– Дурная кровь может ударить в голову в любую минуту. Он способен на предательство. Будь осторожен и не доверяй ему свою жизнь.
Субудай не смел перечить хану, чтобы не нарваться на грубость, хотя и сгорал от желания возразить против несправедливости. Все-таки он оставил свои возражения при себе и склонил голову.
– Джелме и Чагатай всего в трех днях пути отсюда, – немного повеселев, продолжил Чингис. – Скоро увидишь моего настоящего сына, Субудай, и тогда поймешь, почему я горжусь им. Украсим землю светильниками и будем есть и пить столько, что люди еще долго будут помнить об этом.
– Как прикажешь, повелитель, – ответил Субудай, пряча от хана свое недовольство.

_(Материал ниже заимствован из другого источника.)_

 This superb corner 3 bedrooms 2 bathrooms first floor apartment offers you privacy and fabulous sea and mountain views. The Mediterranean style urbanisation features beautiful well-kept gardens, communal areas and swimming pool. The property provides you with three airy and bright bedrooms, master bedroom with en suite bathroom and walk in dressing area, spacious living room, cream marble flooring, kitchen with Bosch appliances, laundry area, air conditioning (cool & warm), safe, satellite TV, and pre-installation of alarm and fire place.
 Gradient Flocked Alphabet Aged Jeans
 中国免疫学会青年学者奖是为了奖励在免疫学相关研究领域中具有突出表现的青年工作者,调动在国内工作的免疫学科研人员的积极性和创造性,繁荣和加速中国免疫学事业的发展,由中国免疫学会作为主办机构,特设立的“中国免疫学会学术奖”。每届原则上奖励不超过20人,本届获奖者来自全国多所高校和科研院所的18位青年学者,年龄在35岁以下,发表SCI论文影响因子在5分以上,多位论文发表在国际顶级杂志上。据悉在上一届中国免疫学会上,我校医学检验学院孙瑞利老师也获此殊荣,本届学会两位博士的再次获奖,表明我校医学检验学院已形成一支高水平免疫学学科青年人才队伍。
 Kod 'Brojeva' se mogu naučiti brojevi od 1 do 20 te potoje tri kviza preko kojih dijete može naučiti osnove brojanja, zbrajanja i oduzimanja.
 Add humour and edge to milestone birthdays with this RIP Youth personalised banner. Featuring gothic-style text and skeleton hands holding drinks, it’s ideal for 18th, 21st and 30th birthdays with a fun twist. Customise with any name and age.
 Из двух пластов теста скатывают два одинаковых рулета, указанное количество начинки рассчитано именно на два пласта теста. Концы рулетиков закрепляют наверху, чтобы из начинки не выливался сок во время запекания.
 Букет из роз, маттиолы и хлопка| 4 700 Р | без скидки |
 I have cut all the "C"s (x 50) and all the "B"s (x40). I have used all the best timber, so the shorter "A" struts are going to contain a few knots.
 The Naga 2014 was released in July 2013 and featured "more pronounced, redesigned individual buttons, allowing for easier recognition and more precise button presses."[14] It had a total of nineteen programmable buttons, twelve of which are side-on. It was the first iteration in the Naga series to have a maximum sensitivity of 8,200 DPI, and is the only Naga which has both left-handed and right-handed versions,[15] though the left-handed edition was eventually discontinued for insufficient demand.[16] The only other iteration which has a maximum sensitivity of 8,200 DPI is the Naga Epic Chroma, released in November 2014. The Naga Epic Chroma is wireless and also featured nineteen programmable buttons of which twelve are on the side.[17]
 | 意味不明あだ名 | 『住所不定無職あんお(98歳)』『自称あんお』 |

За три года Джучи вырос у него на глазах и стал настоящим мужчиной, таким, который способен вести за собой целые армии. Субудай не видел в нем слабости и знал, что Джучи разбирается в людях. Наблюдая за тем, как хан глядит на старшего сына, Субудай искренне сочувствовал юноше, ощущая боль, которая должна была терзать его. Ведь никому не пожелаешь быть отвергнутым собственным отцом. Если бы хан обращался со всеми своими полководцами так же, как он обращался с Джучи, насмешки отца не причиняли бы тому столько страданий.
Когда Чингис, Хачиун и Хасар отвернулись, Субудай чуть заметно покачал головой и, приняв снова невозмутимый вид, присоединился к ним, чтобы заняться приготовлениями к празднику. Ждать прибытия Джелме и Чагатая осталось недолго, но Субудай совсем не горел желанием увидеть, как Чингис будет восхвалять своего второго сына, открыто отдавая ему предпочтение.
Джелме не спал. Что-то мешало ему уснуть. В кромешной тьме он привстал и внимательно прислушался. Дымовое отверстие юрты было закрыто, и глаза никак не могли привыкнуть к темноте. Лежавшая рядом с ним китаянка шевельнулась, Джелме протянул руку и коснулся ее лица.
– Тихо, – прошептал он.
Джелме хорошо знал звуки ночного лагеря: и ржание лошадей, и смех, и ночную капель, что так навевала сон. Знал во всех мелочах, как сопят и храпят его люди. Но какая-то часть его, как у дикого пса, всегда была начеку. Джелме был достаточно опытен, чтобы не отмахнуться от жгучего чувства опасности, как от дурного сна. Тихонько отбросив меховое покрывало, он, в одних старых штанах и с голой грудью, поднялся с постели.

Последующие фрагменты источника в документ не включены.